___ Recorded data

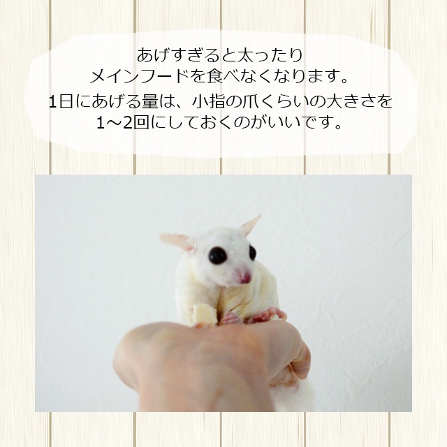 | こんな隅っこの文章まで読んでくれてありがとうございます。 当店ももんがもんもん共和国といいまして、フクロモモンガ用品の専門店をやっとります・・・ フクロモモンガはコアラやカンガルーの仲間で、外国ではSugar Glider(シュガーグライダー)と呼ばれています。 夜行性なので、エサは活動をし始める夕方~夜に与えるのがいいです。 時間を空けて2回に分けて与えるとさらに良いです。 栄養バランスが考えられているフクロモモンガ専用のフードがあります。 ペレットフードを食べてくれると、とても栄養管理がしやすくなります。 いろんな種類のフクロモモンガフードがあるので、お気に入りを探してみてください。 もんもん共和国のオリジナルフードは、食いつきの良さにこだわっています! 当店ではメール便対応のお試しフードも用意しています。50g~80gの少量サイズです。 偏食をしたり好みの個体差が激しいので、最初はお試しサイズがおすすめです。 フードの切り替えのときに個体によっては新しいエサを食べない場合があります。 前の餌に少しずつ混ぜて与え、徐々に慣らしながら切り替えましょう。 フクモモは野生だと虫を食べることが多いので、昆虫が大好物です。(たまに食べない子もいます) カルシウムが豊富なソルジャーグラブは、くる病予防にもオススメです。 ほかにもメジャーなミルワームやハニーワームなどいろいろ取り揃えています。 フクモモ専用フードやねぶくろポーチなどのフクモモグッズも取り扱っています。 寝ぶくろポーチは汚れやすいので、洗濯用に数枚用意してあげると便利です。 他の商品もぜひご覧になってみてくださいね! |
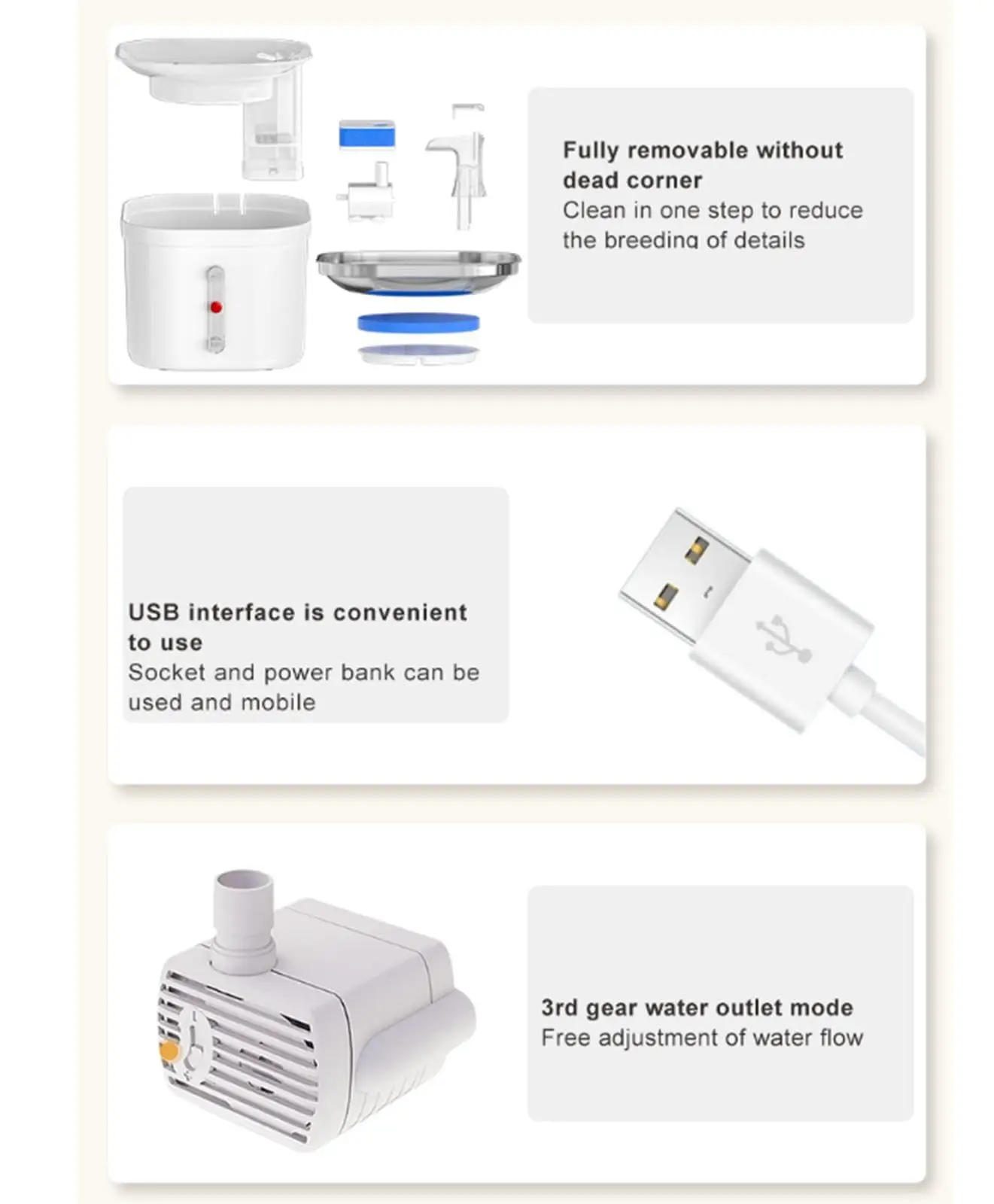 Dispensador de agua para mascotas de bajo ruido: el dispensador para mascotas utiliza una bomba ultrasilencioso, que produce un ruido de menos de 30 dB cuando funciona, especialmente de noche.Los gatos tendrán acceso a su agua en todas las horas del día, incluso los gatos tímidos deberían disfrutar bebiendo de esta fuente.
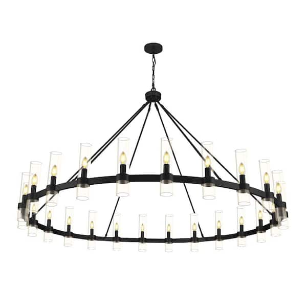 24 Lights 70 in. Dimmable Wagon Wheel Black Chandelier with Glass Shade for Living Room, Dining Room, Bedroom and Foyer
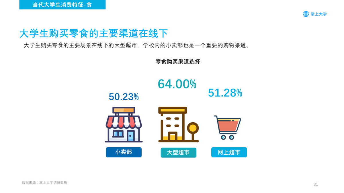 其次约有51.28%的学生会在网上商店进行选购。可见在未来绝不是单一渠道一家独大,而是需要线上+线下结合的OMO模式。
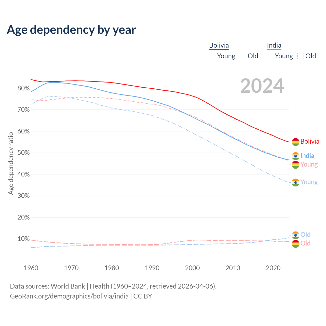 - Bolivia is ranked 128/196 by median age (oldest to youngest) vs 108/196 for India.
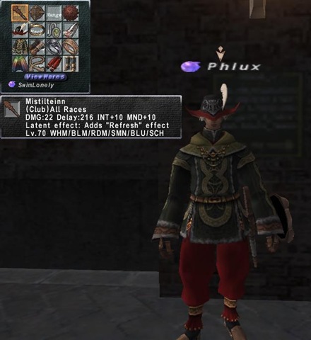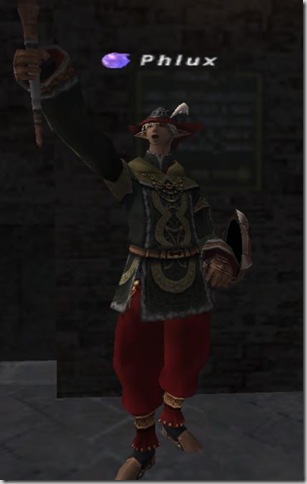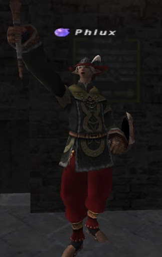 This is Phlux. This Elvaan male started out a RDM, and is an excellent one. In addition to RDM, he has BLM, WAR, and THF at 75, with DRK and WHM coming up through the ranks quickly. Phlux has probably done just about everything one can do in FFXI - all manner of endgame activities, missions, quests, and battlefields, and he has the gear to show for it.
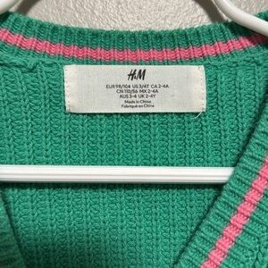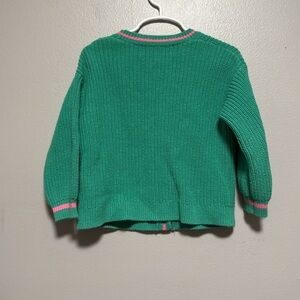 Charming green kids cardigan featuring playful pink accents and fun patches. Perfect for adding a pop of color to any outfit.
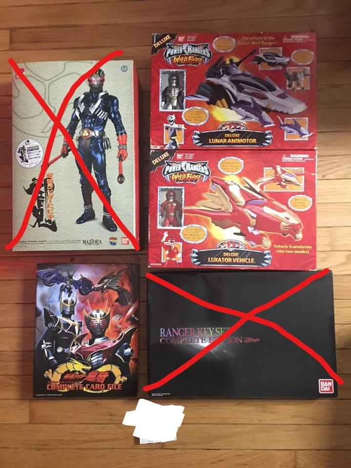 -Operation Overdrive Crane Zord 10$ shipped -Time Force Quantum Ranger Sword Part 7$ shipped -Time Force Ranger Figure Weapons Prices Vary So PM -Time Force Pink Vector Cycle Weapon Parts 10$ shipped -Time Force Blue Mega Battle Armor (Complete no figure) 10$ shipped -Time Force Blue Battle Warrior Armor Parts (Complete no fig) 20$ shipped -Time Force Green Battle Warrior Armor Parts (Complete no fig) 20$ shipped -Wildforce Yellow Save Cycle Weapon Parts 10$ shipped -Wildforce Blue Savage Cycle Weapon Parts 10$ shipped -Wildforce Blue Savage Battle Ranger Parts 10$ shipped -Wildforce Lunar Animotor NEW(Sealed) 60$ shipped -Wildforce Luxator Vehicle NEW(Sealed) 50$ shipped -Turbo Sword and Blaster Accessory 10$ shipped -Zeo Sword And Blaster Accessories 10$ shipped -Zeo Auric Megazord Fully Complete 40$ shipped -Lightspeed Rescue Titanium Axe Weapon Accessory 10$ shipped Kamen Rider: -Kamen Rider Ryuki Complete Card File 104 advent Cards For All Riders Including Most Of Oujas 75$ shipped -W Extreme 1/2 Scale Helmet With Base 40$ shipped -Fourze Driver With Billy the Rod 40$ shipped (missing Radar Switch) -Hibiki Animal Disk 15$ shipped Sentai: -Hurricanger Sword With Blaster Attachment and Plates(with case) 50$ shipped -Hurricanger Wind, Earth, Water Blaster Set 45$ shipped -Ninninger Guitar With Elemental Star 35$ shipped -Dekaranger Deka Bike Megazord 40$ shipped -Abaranger Yellow Daggers 15$ shipped -Lot of Sentai Parts PM for prices -Go Onger Megazord with black and green zords (Has Red Engine Soul, no weapons) 55$ shipped -Go Onger DaiShogun Megazord(Has shield, no sword, no emblem parts) 65$ shipped -Boukenger Metal Detector Blaster 20$ shipped -Boukenger Sentinel Knight 25$ shipped -Hurricanger Black Megazords Lot 220$ shipped -Hurricanger Sword With Blaster Attachment and Plates(with case) 50$ shipped NON TOKU ITEMS: Digimon Interactive Guilmon 125$ shipped Evangelion SPEC-XS 09 Sold Email is noahcirelli@gmail.com If interested in multiple items im willing to give a discount, and also am up to negotiate whatever item a person is interested in. If there is a item pictured but not listed I most likely forgot to list it so just comment or pm. Last edited by noah3128; 01-07-2020 at 03:28 PM.. Reason: New Stuff |
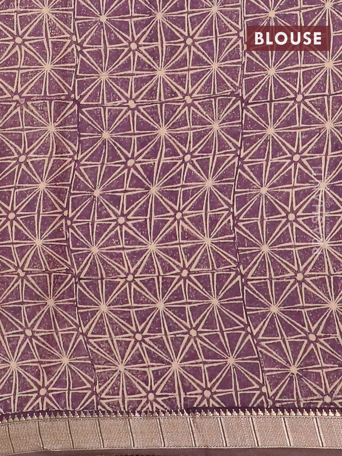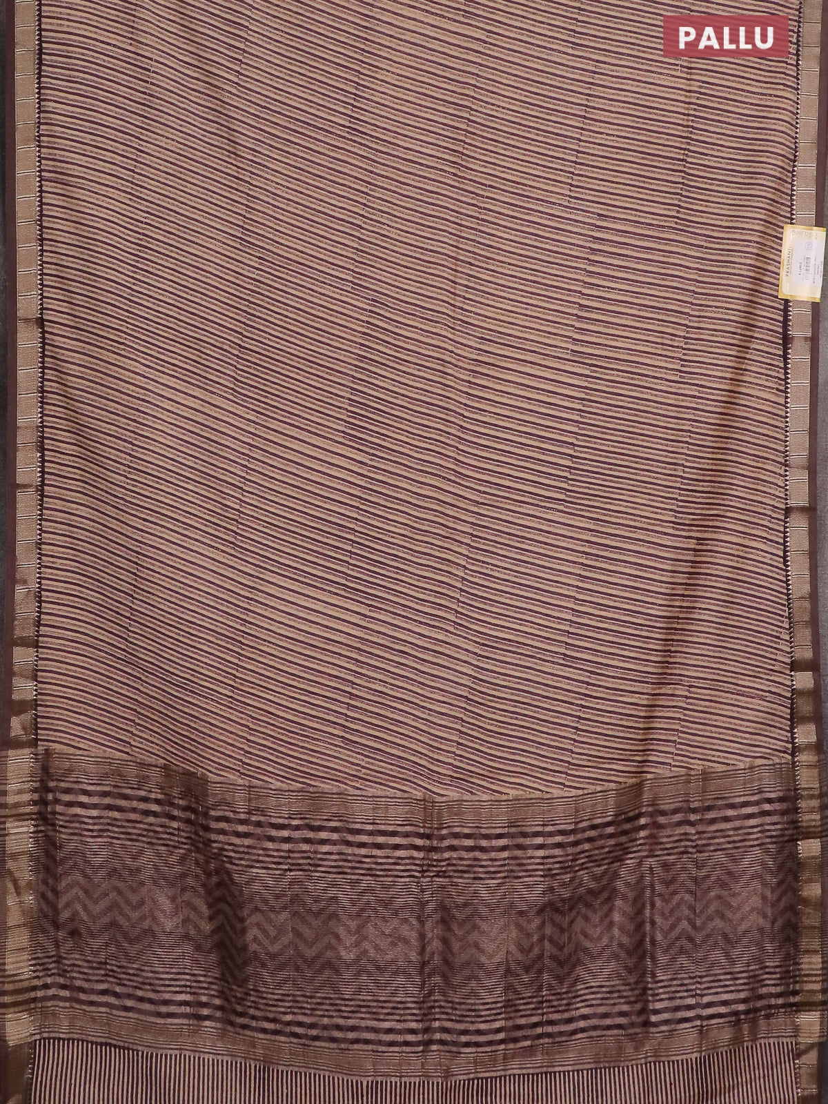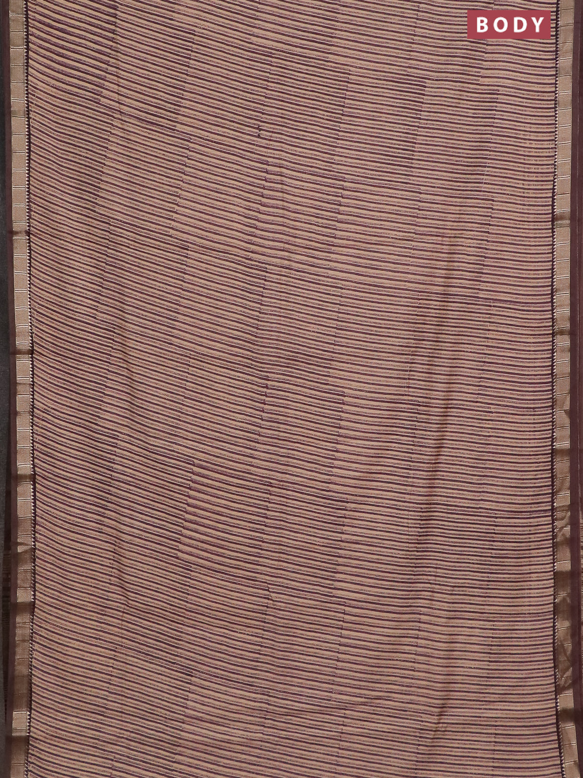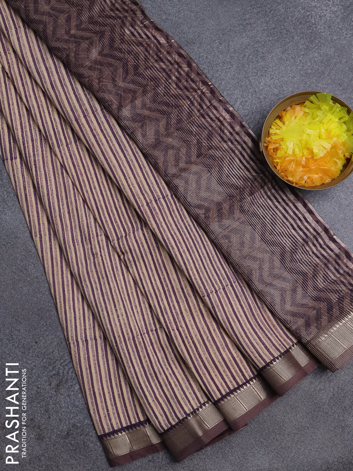 Semi chanderi saree beige and pastel purple with allover stripe pattern and zari woven border
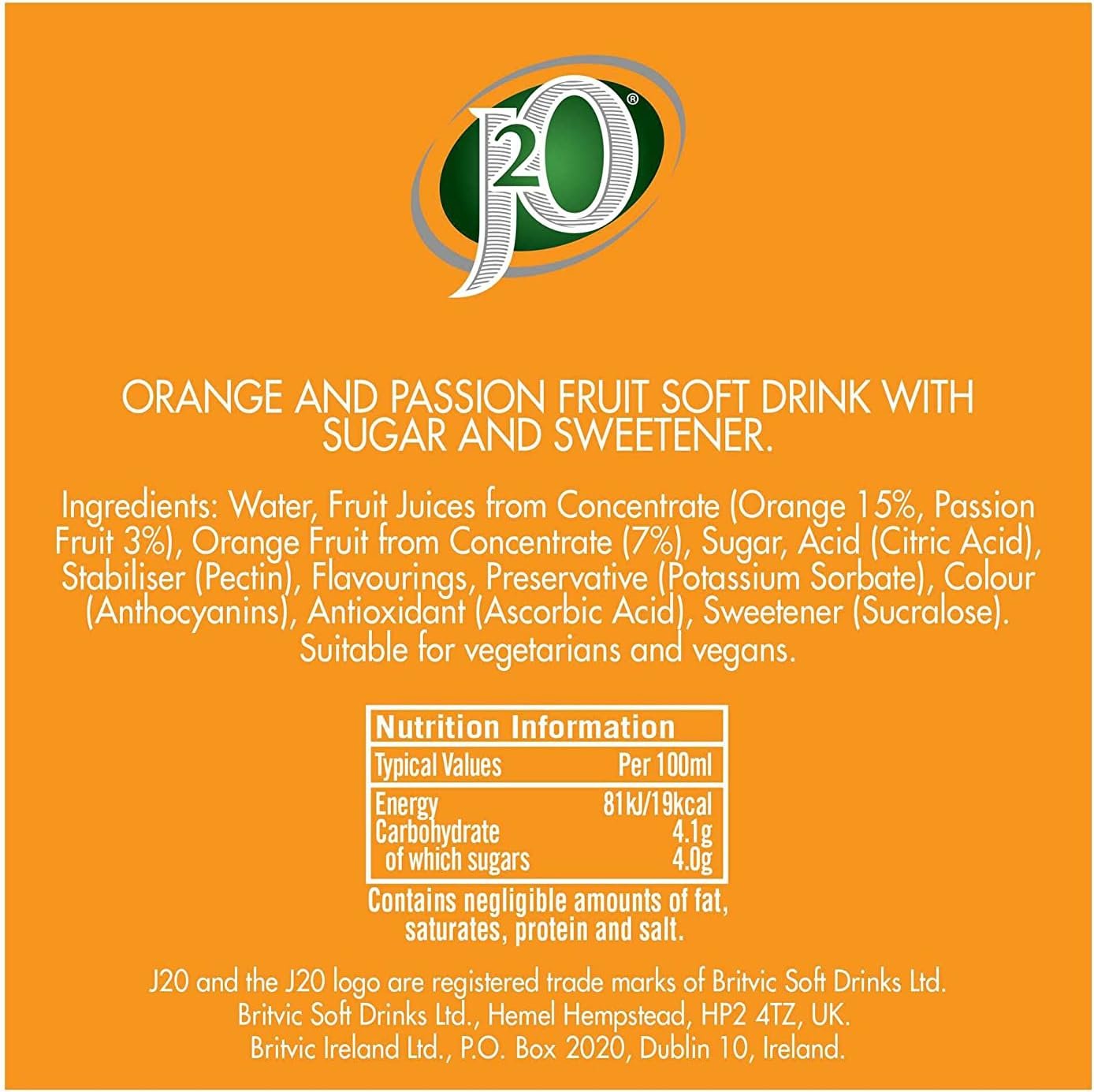 Product Dimensions ‎26.6 x 20.2 x 25.6 cm; 3.23 Kilograms Item model number ‎920501 Additives ‎Acid (Citric Acid), Stabiliser (Pectin), Preservative (Potassium Sorbate), Colour (Anthocyanins), Antioxidant (Ascorbic Acid), Sweetener (Sucralose). Allergen Information ‎Contains: Wheat Free, Molluscs Free, Rye Free, Fish Free, Sesame Seeds Free, Mustard Free, Crustacean Free, Celery Free, Milk Free Weight ‎5 Kilograms Volume ‎3000 Millilitres Units ‎3000.0 millilitre Serving Recommendation ‎250ml Manufacturer contact ‎Hemel Hempstead, HP2 4TZ Country of origin ‎United Kingdom Brand ‎J2O Format ‎Liquid Age Range Description ‎Adult Speciality ‎Low Calorie Package Information ‎Tin Manufacturer ‎Britvic Soft Drinks Ltd. Country of origin ‎United Kingdom
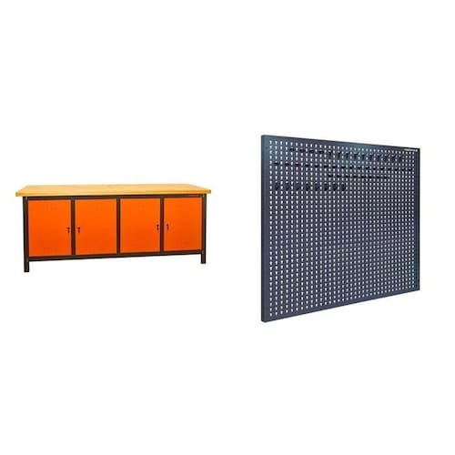 "Maximize sua eficiência com o Conjunto de Organização Profissional Presto, que inclui uma Bancada e Painel para Ferramentas em Aço. Projetado para atender às necessidades exigentes de qualquer ambiente de trabalho, este conjunto oferece uma solução completa para manter suas ferramentas organizadas e acessíveis. Transforme sua área de trabalho em um espaço organizado e produtivo com o Conjunto de Organização Profissional Presto. Garanta que suas ferramentas estejam sempre ao seu alcance, permitindo que você se concentre no que realmente importa: realizar o seu trabalho com excelência." Altura do Conjunto: 92 cm Ambiente: null Ambiente Principal: Área de Serviço Cor: Preto Cor Predominante: Preto Informação Complementar: 1x Painel para Ferramentas em aço 970 x 940 mm com 48 Ganchos Plásticos Largura: 97 Peso: 4.375 Necessita Montagem: Sim

______

Output the listing above exactly, but leave its pictures behind.

**Written reply**
 | こんな隅っこの文章まで読んでくれてありがとうございます。 当店ももんがもんもん共和国といいまして、フクロモモンガ用品の専門店をやっとります・・・ フクロモモンガはコアラやカンガルーの仲間で、外国ではSugar Glider(シュガーグライダー)と呼ばれています。 夜行性なので、エサは活動をし始める夕方~夜に与えるのがいいです。 時間を空けて2回に分けて与えるとさらに良いです。 栄養バランスが考えられているフクロモモンガ専用のフードがあります。 ペレットフードを食べてくれると、とても栄養管理がしやすくなります。 いろんな種類のフクロモモンガフードがあるので、お気に入りを探してみてください。 もんもん共和国のオリジナルフードは、食いつきの良さにこだわっています! 当店ではメール便対応のお試しフードも用意しています。50g~80gの少量サイズです。 偏食をしたり好みの個体差が激しいので、最初はお試しサイズがおすすめです。 フードの切り替えのときに個体によっては新しいエサを食べない場合があります。 前の餌に少しずつ混ぜて与え、徐々に慣らしながら切り替えましょう。 フクモモは野生だと虫を食べることが多いので、昆虫が大好物です。(たまに食べない子もいます) カルシウムが豊富なソルジャーグラブは、くる病予防にもオススメです。 ほかにもメジャーなミルワームやハニーワームなどいろいろ取り揃えています。 フクモモ専用フードやねぶくろポーチなどのフクモモグッズも取り扱っています。 寝ぶくろポーチは汚れやすいので、洗濯用に数枚用意してあげると便利です。 他の商品もぜひご覧になってみてくださいね! |
 Dispensador de agua para mascotas de bajo ruido: el dispensador para mascotas utiliza una bomba ultrasilencioso, que produce un ruido de menos de 30 dB cuando funciona, especialmente de noche.Los gatos tendrán acceso a su agua en todas las horas del día, incluso los gatos tímidos deberían disfrutar bebiendo de esta fuente.
 24 Lights 70 in. Dimmable Wagon Wheel Black Chandelier with Glass Shade for Living Room, Dining Room, Bedroom and Foyer
 其次约有51.28%的学生会在网上商店进行选购。可见在未来绝不是单一渠道一家独大,而是需要线上+线下结合的OMO模式。
 - Bolivia is ranked 128/196 by median age (oldest to youngest) vs 108/196 for India.
 This is Phlux. This Elvaan male started out a RDM, and is an excellent one. In addition to RDM, he has BLM, WAR, and THF at 75, with DRK and WHM coming up through the ranks quickly. Phlux has probably done just about everything one can do in FFXI - all manner of endgame activities, missions, quests, and battlefields, and he has the gear to show for it.
 Charming green kids cardigan featuring playful pink accents and fun patches. Perfect for adding a pop of color to any outfit.
 -Operation Overdrive Crane Zord 10$ shipped -Time Force Quantum Ranger Sword Part 7$ shipped -Time Force Ranger Figure Weapons Prices Vary So PM -Time Force Pink Vector Cycle Weapon Parts 10$ shipped -Time Force Blue Mega Battle Armor (Complete no figure) 10$ shipped -Time Force Blue Battle Warrior Armor Parts (Complete no fig) 20$ shipped -Time Force Green Battle Warrior Armor Parts (Complete no fig) 20$ shipped -Wildforce Yellow Save Cycle Weapon Parts 10$ shipped -Wildforce Blue Savage Cycle Weapon Parts 10$ shipped -Wildforce Blue Savage Battle Ranger Parts 10$ shipped -Wildforce Lunar Animotor NEW(Sealed) 60$ shipped -Wildforce Luxator Vehicle NEW(Sealed) 50$ shipped -Turbo Sword and Blaster Accessory 10$ shipped -Zeo Sword And Blaster Accessories 10$ shipped -Zeo Auric Megazord Fully Complete 40$ shipped -Lightspeed Rescue Titanium Axe Weapon Accessory 10$ shipped Kamen Rider: -Kamen Rider Ryuki Complete Card File 104 advent Cards For All Riders Including Most Of Oujas 75$ shipped -W Extreme 1/2 Scale Helmet With Base 40$ shipped -Fourze Driver With Billy the Rod 40$ shipped (missing Radar Switch) -Hibiki Animal Disk 15$ shipped Sentai: -Hurricanger Sword With Blaster Attachment and Plates(with case) 50$ shipped -Hurricanger Wind, Earth, Water Blaster Set 45$ shipped -Ninninger Guitar With Elemental Star 35$ shipped -Dekaranger Deka Bike Megazord 40$ shipped -Abaranger Yellow Daggers 15$ shipped -Lot of Sentai Parts PM for prices -Go Onger Megazord with black and green zords (Has Red Engine Soul, no weapons) 55$ shipped -Go Onger DaiShogun Megazord(Has shield, no sword, no emblem parts) 65$ shipped -Boukenger Metal Detector Blaster 20$ shipped -Boukenger Sentinel Knight 25$ shipped -Hurricanger Black Megazords Lot 220$ shipped -Hurricanger Sword With Blaster Attachment and Plates(with case) 50$ shipped NON TOKU ITEMS: Digimon Interactive Guilmon 125$ shipped Evangelion SPEC-XS 09 Sold Email is noahcirelli@gmail.com If interested in multiple items im willing to give a discount, and also am up to negotiate whatever item a person is interested in. If there is a item pictured but not listed I most likely forgot to list it so just comment or pm. Last edited by noah3128; 01-07-2020 at 03:28 PM.. Reason: New Stuff |
 Semi chanderi saree beige and pastel purple with allover stripe pattern and zari woven border
 Product Dimensions ‎26.6 x 20.2 x 25.6 cm; 3.23 Kilograms Item model number ‎920501 Additives ‎Acid (Citric Acid), Stabiliser (Pectin), Preservative (Potassium Sorbate), Colour (Anthocyanins), Antioxidant (Ascorbic Acid), Sweetener (Sucralose). Allergen Information ‎Contains: Wheat Free, Molluscs Free, Rye Free, Fish Free, Sesame Seeds Free, Mustard Free, Crustacean Free, Celery Free, Milk Free Weight ‎5 Kilograms Volume ‎3000 Millilitres Units ‎3000.0 millilitre Serving Recommendation ‎250ml Manufacturer contact ‎Hemel Hempstead, HP2 4TZ Country of origin ‎United Kingdom Brand ‎J2O Format ‎Liquid Age Range Description ‎Adult Speciality ‎Low Calorie Package Information ‎Tin Manufacturer ‎Britvic Soft Drinks Ltd. Country of origin ‎United Kingdom
 "Maximize sua eficiência com o Conjunto de Organização Profissional Presto, que inclui uma Bancada e Painel para Ferramentas em Aço. Projetado para atender às necessidades exigentes de qualquer ambiente de trabalho, este conjunto oferece uma solução completa para manter suas ferramentas organizadas e acessíveis. Transforme sua área de trabalho em um espaço organizado e produtivo com o Conjunto de Organização Profissional Presto. Garanta que suas ferramentas estejam sempre ao seu alcance, permitindo que você se concentre no que realmente importa: realizar o seu trabalho com excelência." Altura do Conjunto: 92 cm Ambiente: null Ambiente Principal: Área de Serviço Cor: Preto Cor Predominante: Preto Informação Complementar: 1x Painel para Ferramentas em aço 970 x 940 mm com 48 Ganchos Plásticos Largura: 97 Peso: 4.375 Necessita Montagem: Sim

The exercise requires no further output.